→ **Task goal**: Restate the listing below word for word. No picture belongs in the result.
Start of Provided data
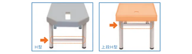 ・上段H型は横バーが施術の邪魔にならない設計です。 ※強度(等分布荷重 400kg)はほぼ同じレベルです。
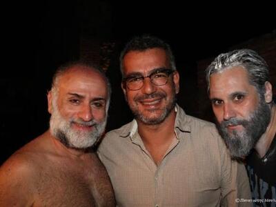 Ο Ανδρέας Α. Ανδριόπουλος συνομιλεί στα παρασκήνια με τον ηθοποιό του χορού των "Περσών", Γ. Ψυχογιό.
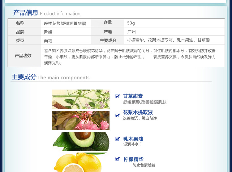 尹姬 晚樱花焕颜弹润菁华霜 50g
End of Provided data
→ **Solution to the exercise**:
 ・上段H型は横バーが施術の邪魔にならない設計です。 ※強度(等分布荷重 400kg)はほぼ同じレベルです。
 Ο Ανδρέας Α. Ανδριόπουλος συνομιλεί στα παρασκήνια με τον ηθοποιό του χορού των "Περσών", Γ. Ψυχογιό.
 尹姬 晚樱花焕颜弹润菁华霜 50g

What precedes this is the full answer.